Downmodulating hsa-miR-223-3p has previously been shown to increase the expression of IL-1β and IL-6 in macrophages (29). To further investigate a potential effect of increased miR-223-3p in human macrophages, we differentiated the human THP-1 cell line to assume macrophage-like characteristics and experimentally increased the intracellular hsa-miR-223-3p with a miR-mimic. The result was a significant decrease in NLRP3 in infected macrophages overexpressing hsa-miR-223-3p. We hypothesize that down-modulation of NLRP3 would inhibit inflammasome activation and potentially enhance parasite survival and growth in tissue-resident macrophages.
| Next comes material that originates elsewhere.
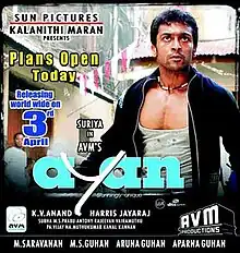 The film was launched in Chennai, while filming also took place in various locations out of India, including Namibia, Malaysia, Zanzibar and South Africa. It released on 3 April 2009 worldwide to positive reviews.[5][6] Ayan was declared as the solo blockbuster of 2009 in Tamil cinema,[7] collecting about 80 crore (US$10 million) worldwide.[3][8][9][10] The film was also successful in Kerala.[2]

The current study is not the first to show a potential involvement of exosomes or miRNAs in leishmaniasis. Studies from our group and others have shown that exosomes are released from L. infantum promastigotes (11, 14, 37–39). We found that amastigotes release exosomes containing proteins that may aid in the parasite’s successful infection and survival in the host (Singh, Rodriguez, Wilson et al., under review). Host-derived exosomes have been implicated as modulators of the immune response in leishmaniasis (14, 37, 40). A few studies found evidence for individual miRNAs that might modify the immune pathogenesis of VL in dogs, mouse models, or in vitro cultured cells (27, 41, 42). These reported miRNAs did not include the miRNAs that were found to be up-regulated in exosomes from human MDMs, possibly reflecting the fact that the methods and model systems were different in each of these reports.

The most significant finding in this study of human exosomes was an increase on hsa-miR-223-3p. There is a precedent for an effect of either murine or human (hsa-) miR-223-3p on macrophage functions. Exosomes released from murine mesenchymal stem cells have been shown to influence nearby macrophages to shift toward an “M2” phenotype and promote skin wound healing, acting through murine miR-223-3p encapsulated in these exosomes (43). The exosomes released from primary human bone mesenchymal stem cells have also been shown to suppress the expression of inflammatory cytokines in THP-1 cells stimulated with LPS (17).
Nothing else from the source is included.